## Given data
● ● ● ● ● ● ●

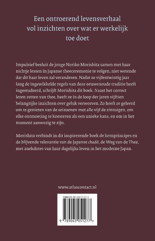 Impulsief besluit de jonge Noriko Morishita samen met haar nichtje lessen in Japanse theeceremonie te volgen, niet wetende dat dit haar leven zal veranderen. Nadat ze vijfentwintig jaar lang de ingewikkelde regels van deze eeuwenoude traditie heeft ingestudeerd, schrijft Morishita dit boek. Naast het correct leren zetten van thee, heeft ze in de loop der jaren vijftien belangrijke inzichten over geluk verworven. Zo heeft ze geleerd om te genieten van de seizoenen met alle vijf de zintuigen, om elke ontmoeting te koesteren als een unieke kans, en om in het moment aanwezig te zijn.
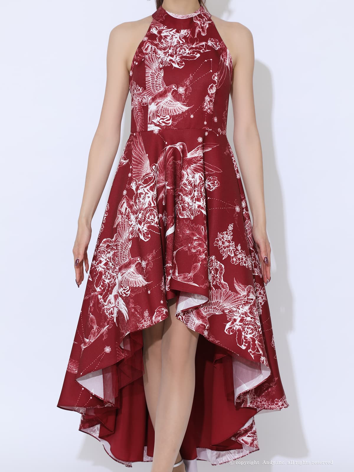 XSサイズあり【ANDY/アンディ】テールカット/ バックオープン/ パニエ付き/ アメスリ/ クラシカルプリント/ シフォン/ フレア/ ミディアムドレス/ ワンピース/ キャバドレス[OF05] [ON2949-WNVxPega-2511]
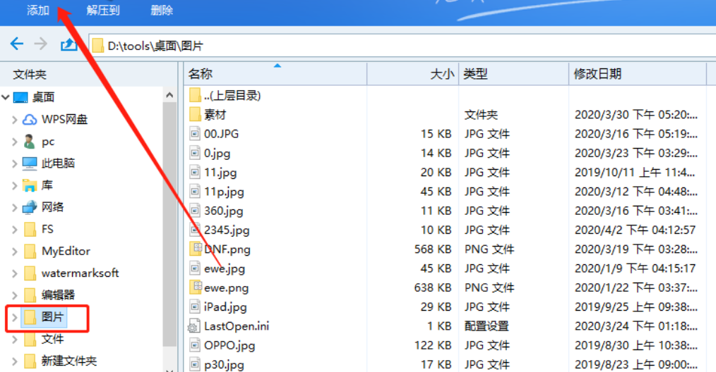 1.首先第一步我们打开贝贝压缩软件之后在界面左边的文件列表中找到想要加密压缩的文件夹,选中之后点击上方的添加这个功能按钮。
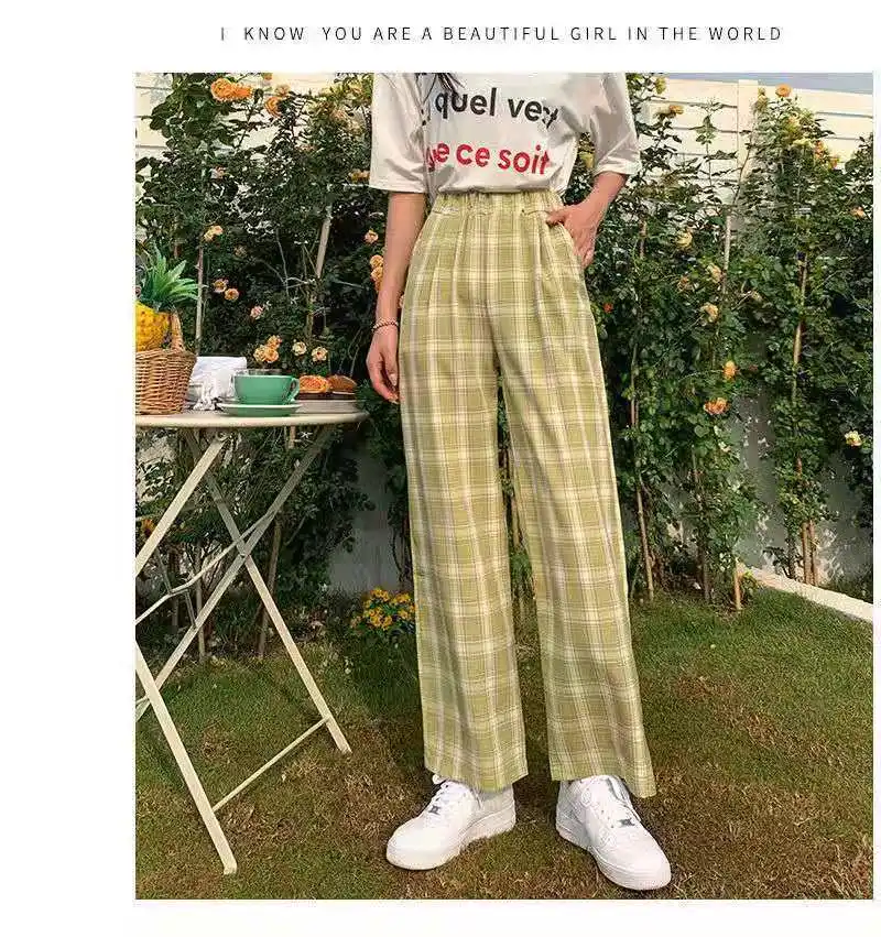 Брюки женские в клетку, с высокой талией, весенне-осенние, большие, 2021

● ● ● ● ● ● ●

## Task statement
All of the material above must be given again verbatim, except for the pictures.

## Your solution
 Impulsief besluit de jonge Noriko Morishita samen met haar nichtje lessen in Japanse theeceremonie te volgen, niet wetende dat dit haar leven zal veranderen. Nadat ze vijfentwintig jaar lang de ingewikkelde regels van deze eeuwenoude traditie heeft ingestudeerd, schrijft Morishita dit boek. Naast het correct leren zetten van thee, heeft ze in de loop der jaren vijftien belangrijke inzichten over geluk verworven. Zo heeft ze geleerd om te genieten van de seizoenen met alle vijf de zintuigen, om elke ontmoeting te koesteren als een unieke kans, en om in het moment aanwezig te zijn.
 XSサイズあり【ANDY/アンディ】テールカット/ バックオープン/ パニエ付き/ アメスリ/ クラシカルプリント/ シフォン/ フレア/ ミディアムドレス/ ワンピース/ キャバドレス[OF05] [ON2949-WNVxPega-2511]
 1.首先第一步我们打开贝贝压缩软件之后在界面左边的文件列表中找到想要加密压缩的文件夹,选中之后点击上方的添加这个功能按钮。
 Брюки женские в клетку, с высокой талией, весенне-осенние, большие, 2021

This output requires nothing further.